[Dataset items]
____________

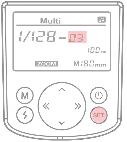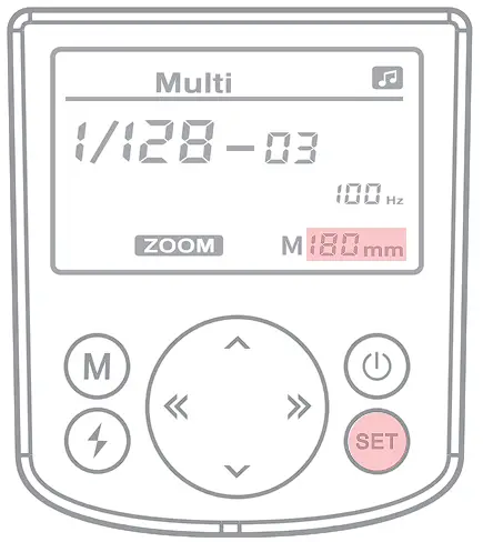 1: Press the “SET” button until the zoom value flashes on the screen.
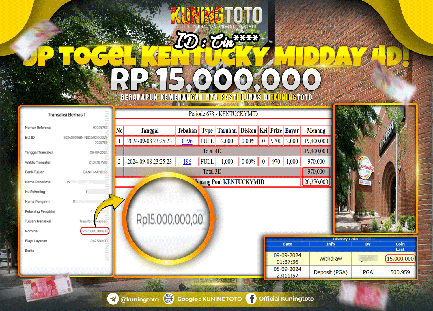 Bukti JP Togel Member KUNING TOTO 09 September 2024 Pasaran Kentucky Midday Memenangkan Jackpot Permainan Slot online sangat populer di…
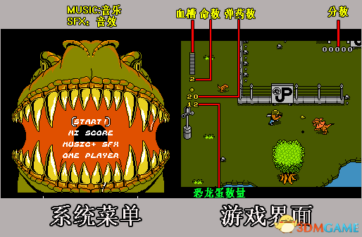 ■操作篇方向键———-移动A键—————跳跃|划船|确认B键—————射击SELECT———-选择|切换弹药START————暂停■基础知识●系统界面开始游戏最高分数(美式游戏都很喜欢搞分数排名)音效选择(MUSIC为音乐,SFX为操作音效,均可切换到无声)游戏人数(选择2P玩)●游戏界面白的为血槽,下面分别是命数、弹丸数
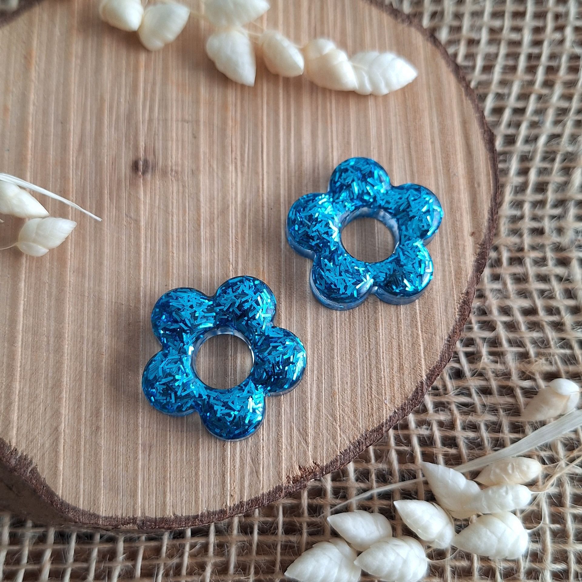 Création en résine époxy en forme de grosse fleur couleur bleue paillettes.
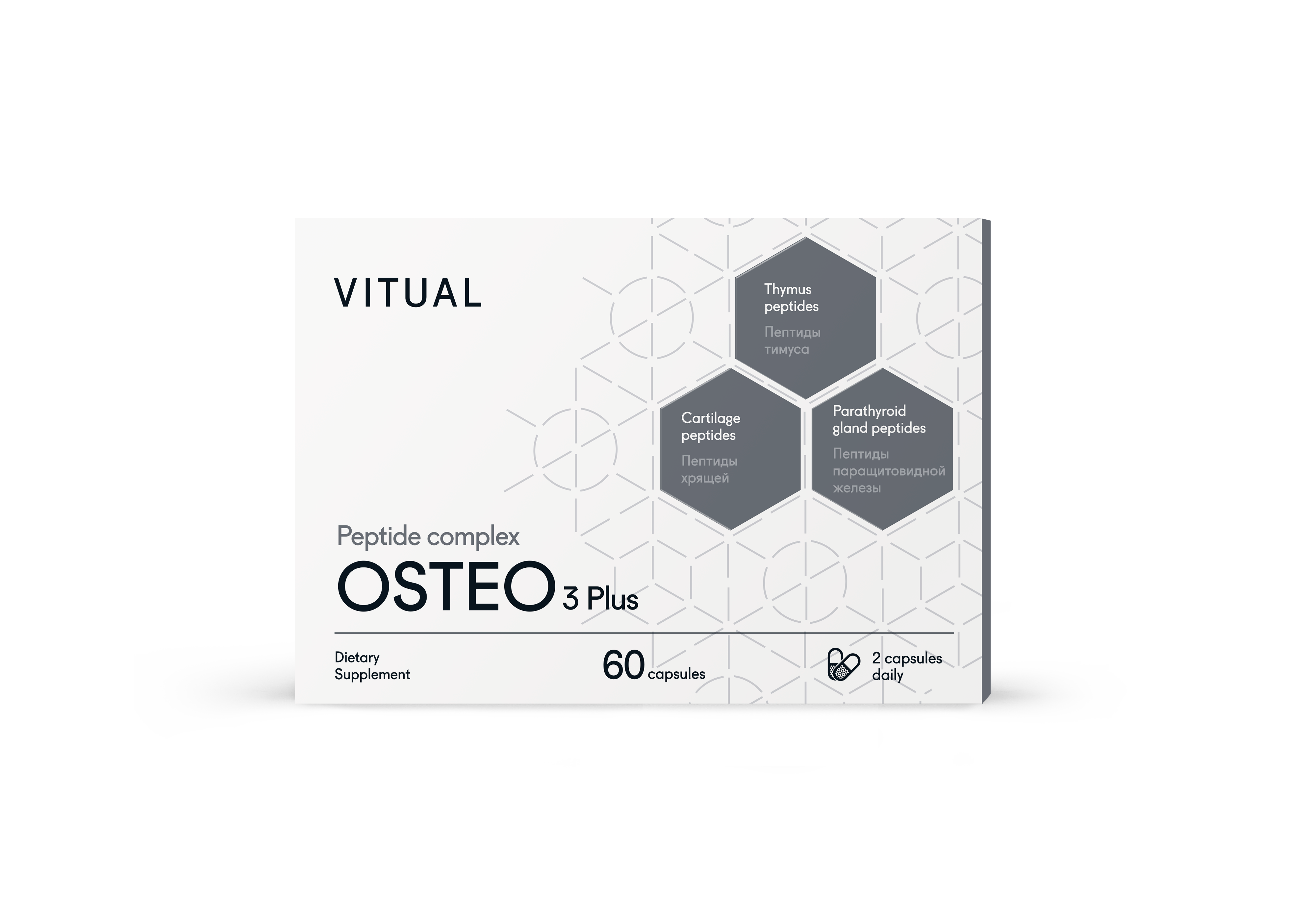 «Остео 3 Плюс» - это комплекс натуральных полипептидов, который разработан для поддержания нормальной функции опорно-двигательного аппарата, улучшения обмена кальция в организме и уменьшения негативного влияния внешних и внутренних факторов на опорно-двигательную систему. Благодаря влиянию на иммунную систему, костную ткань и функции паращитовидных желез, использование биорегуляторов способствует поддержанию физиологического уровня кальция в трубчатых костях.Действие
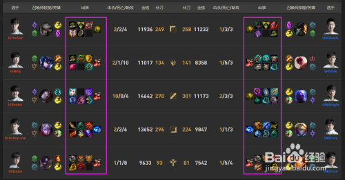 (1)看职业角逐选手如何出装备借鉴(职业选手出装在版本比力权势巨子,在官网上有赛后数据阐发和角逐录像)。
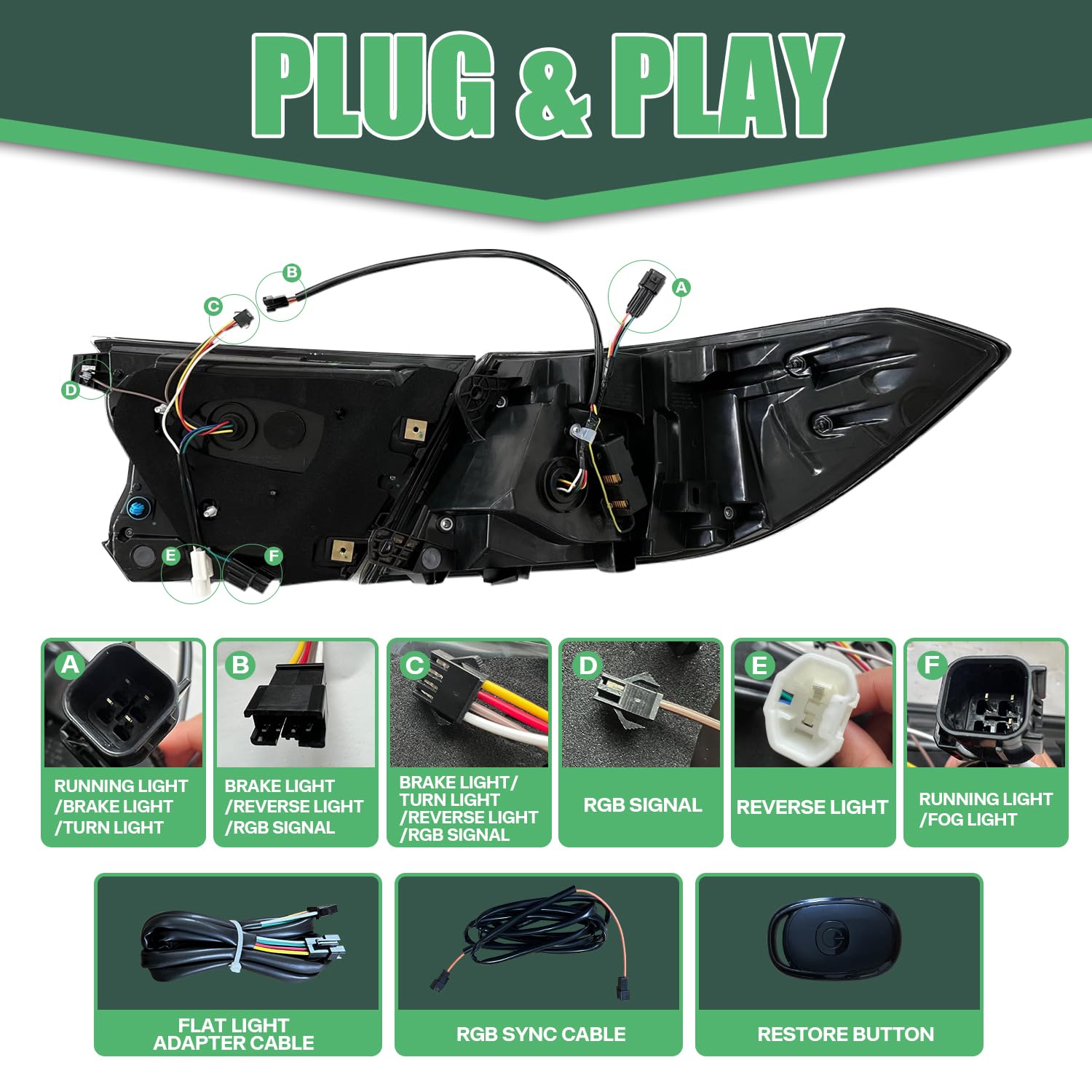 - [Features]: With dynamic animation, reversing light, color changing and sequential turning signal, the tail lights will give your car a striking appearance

____________

§ Required action
Word for word, restate the lines from the line with "(1)看职业角逐选手如何出装" through the last line of the entries, and nothing beyond them. Omit pictures.

§ Answer space
 (1)看职业角逐选手如何出装备借鉴(职业选手出装在版本比力权势巨子,在官网上有赛后数据阐发和角逐录像)。
 - [Features]: With dynamic animation, reversing light, color changing and sequential turning signal, the tail lights will give your car a striking appearance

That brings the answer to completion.